Yes, the USA has a men’s team. However, without men’s softball being an Olympic Sport, the ASA/USA softball program would rather think of us as that dirty old uncle that the family never talks about. And, I don’t want to be misunderstood here. I’m not implying that the men’s team should get the same “perks” as the women’s. Far from it. The women’s team has earned their status in the sport and they deserve the spoils. But, isn’t it sad that the USA’s governing body of the sport BARELY even recognizes the other half? Let me site an example. When the IOC purposed the elimination from softball after the 2008 Beijing games, it prompted a fury from the softball world. But, did you know that Brazil is trying to oust Men’s softball from the upcoming Pan Am games in 2007? That isn’t something anyone wants to report or discuss. Brazil is hosting the ’07 Pan Ams but, does not want any Non-Olympic sports in there. I guess it doesn’t matter that when they bid to host the games, men’s softball was included. Now they want to change the rules. I’m sure there are other non-Olympic sports on the bubble of being cut too. But it’s ironic to me that the ASA/USA hasn’t made this public to garner support from the public.
But, the impact of men’s softball is being felt in the women’s game today more and more. Kyle Magnusson (University of Utah), Ehren Earlywhine (Georgia Tech), Ken Eriksen (U of South Florida), and Shawn Rychcik (Boston University) are just a couple of former Team USA men’s players who are now coaching at the college and Olympic level. Moreover, other schools such as Bowling Green University in Ohio have hired Kyle Jamison as their pitching coach. Kyle is a Canadian born pitcher with some international experience. Simon Roskvist, who was the Aussie women’s coach for many years, including the ’04 Olympics is formerly from New Zealand and was a great pitcher in his day. And the new Aussie coach, Fabian Barlow is another former New Zealand National team player who’s worked his way into the women’s game. I’m sure there are many others but, this just illustrates a few examples. All of these guys are ones I’ve played with and against over the years, throughout the world.

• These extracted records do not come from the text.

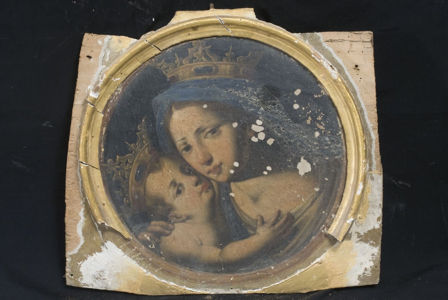 - NOTIZIE STORICO CRITICHE Il tondo forse inserito in un più ampio complesso, come lascia supporre la struttura quadrata in cui è inscritto, ripete l'iconografia tradizionale della Madonna con Bambino incoronati in atteggiamento affettuoso, canone pittorico tipico del tardo seicento. In prima approssimazione può essere attribuito alla mano di Pietro Montanini. Il dipinto mostra alcune affinità con un nobile prototipo, il tondo di bottega botticelliana conservato nella Galleria Palatina e Appartamenti Reali di Firenze (NCNT 0900296142, Inv. 1890, 3194) del quale esistono più versioni che, secondo la critica, si riferiscono ad un originale botticelliano non rintracciabile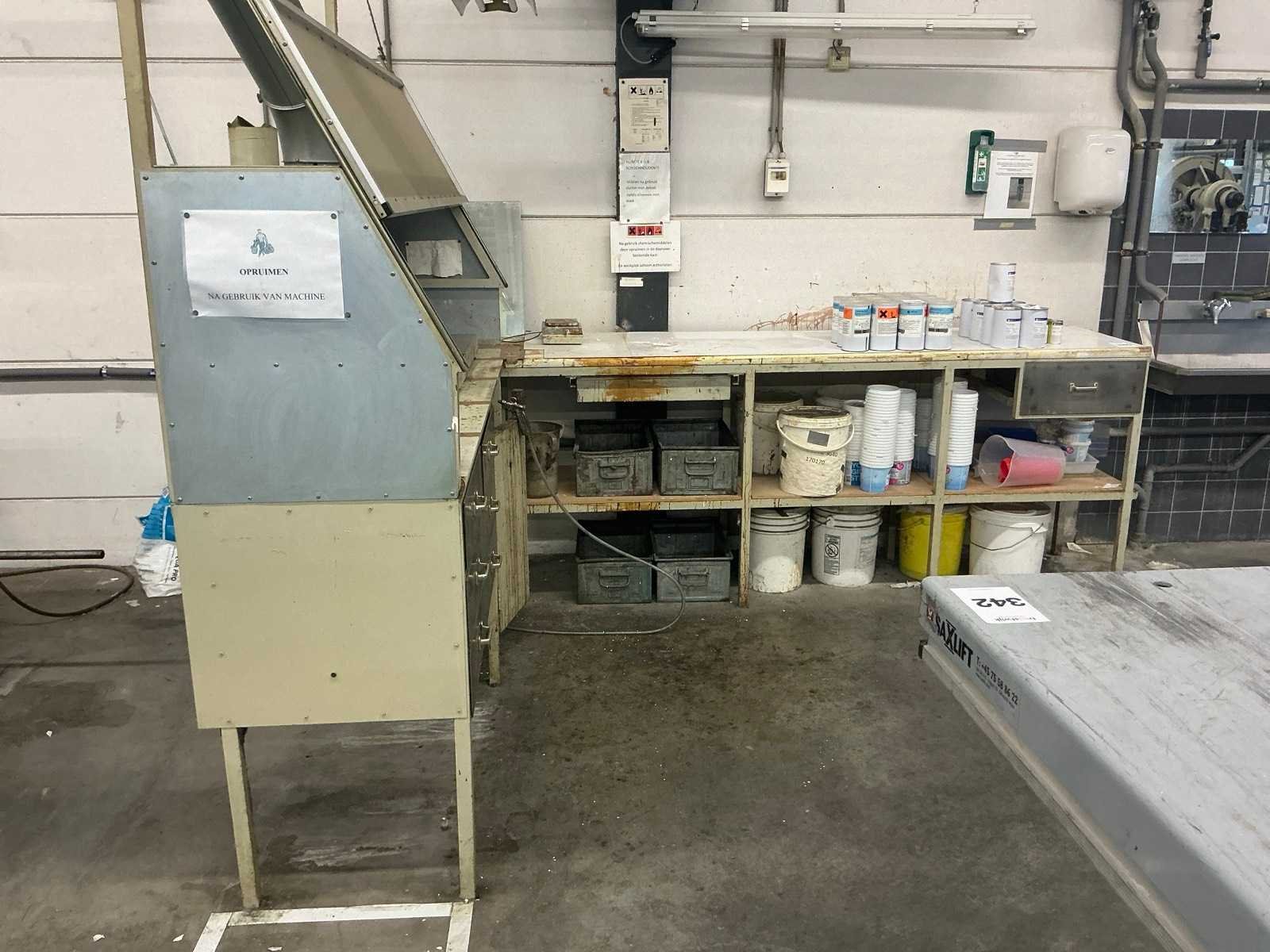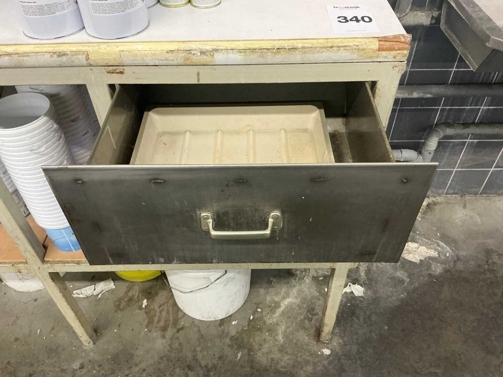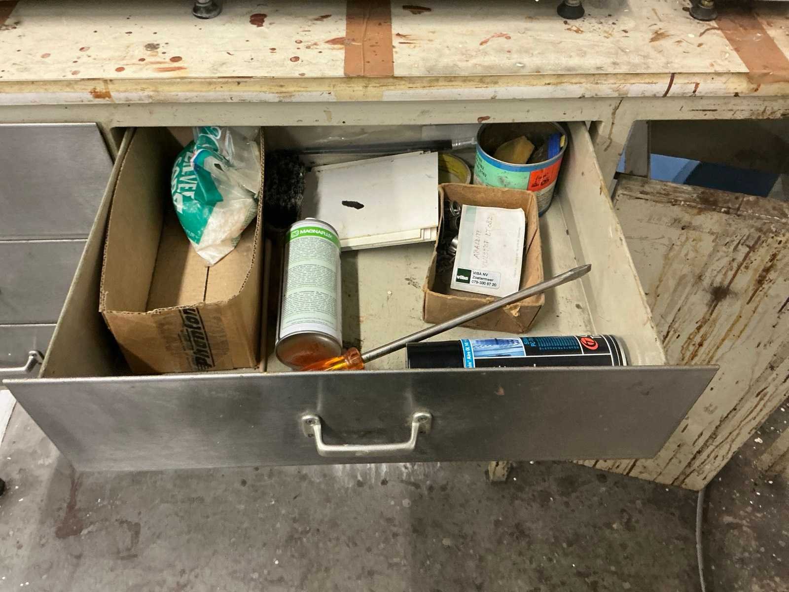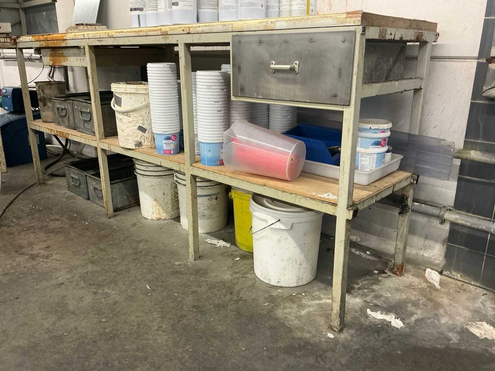 Stalen frame met houten blad, inhoud hoort bij het kavel. Apart verkavelde items horen niet bij het kavel Nee Lengte: 300cm Breedte: 230cm Hoogte: 170cm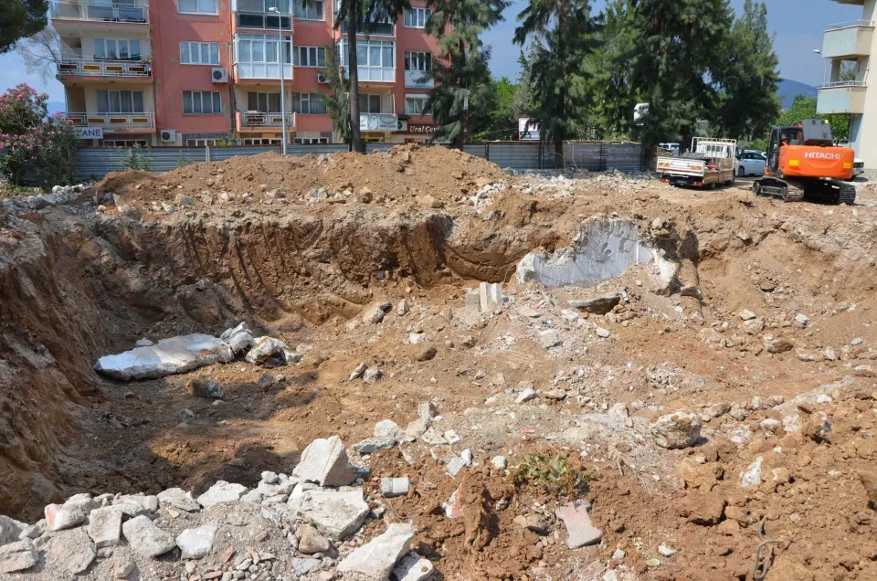 Milas’ta bir inşaat alanında daha temel kazısı sırasında, ilk bulgulara göre tarihi bir mezar ve bir sütun olduğu düşünülen kalıntılar bulundu.
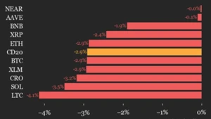CoinDesk 20 performance update: index falls 2.9% as all constituents trade lower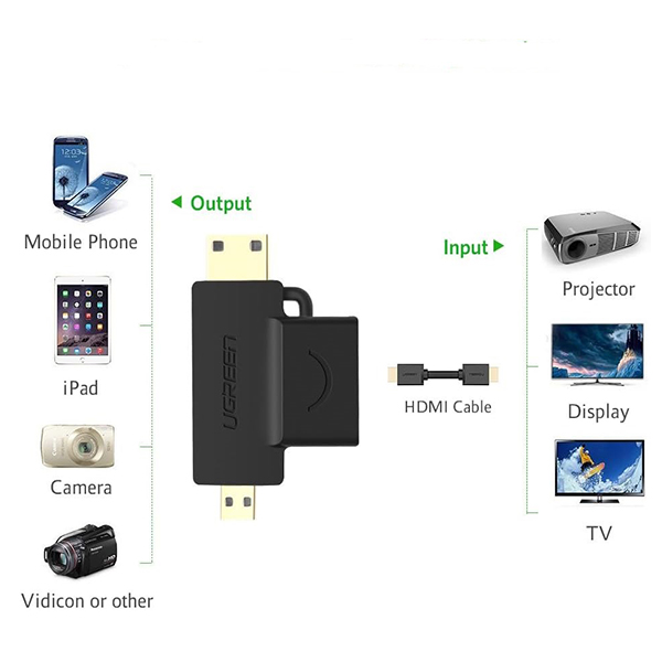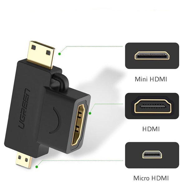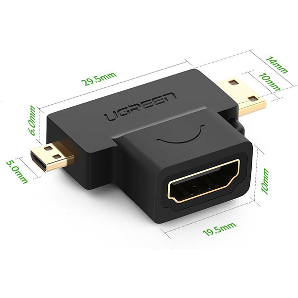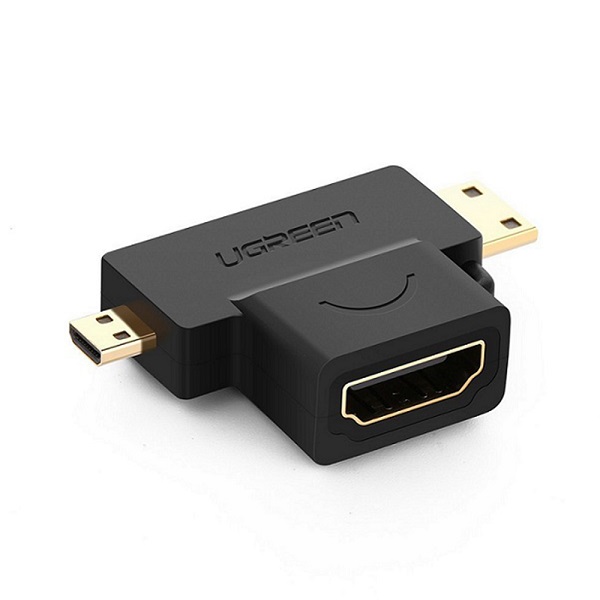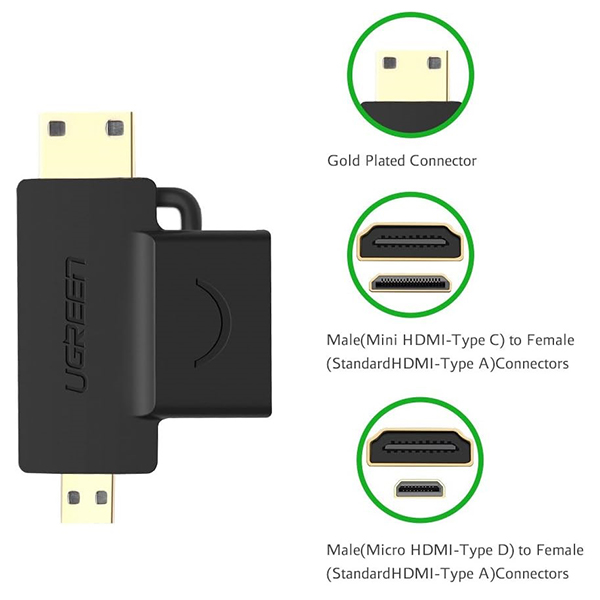 UGreen 20144 2-in-1 Micro + Mini HDMI Male To HDMI Female Adapter With Gold-Plated Connectors And Supports Resolution Up To 4K@60Hz - Black Colour

Gone are the days when the men’s softball leagues were in every town. Ironically, there aren’t many places around the country for women to play when their college careers are done. This has always baffled me. Softball is a huge part of a young girl’s life from the time they are 10 until they’re 21 or so. It’s hard to believe they don’t have more leagues for them to play in during the summer. I know there are some HORRIBLE high school rules which prohibit summer league softball in some areas and have some unbelievable restrictions. So, I can only imagine what kind of rules the NCAA must have!
I think for softball to continue it’s worldwide success; it would behoove us to keep it alive for both genders. While it’s a pipedream, I’d like to see ASA/USA throw just a little extra support towards the men’s side of things. Again, I’m in no way implying we should get equal funding or support as the women but, if people understood the disparity between the 2 programs it might be easier to understand why the men’s game has almost fallen completely off the Earth!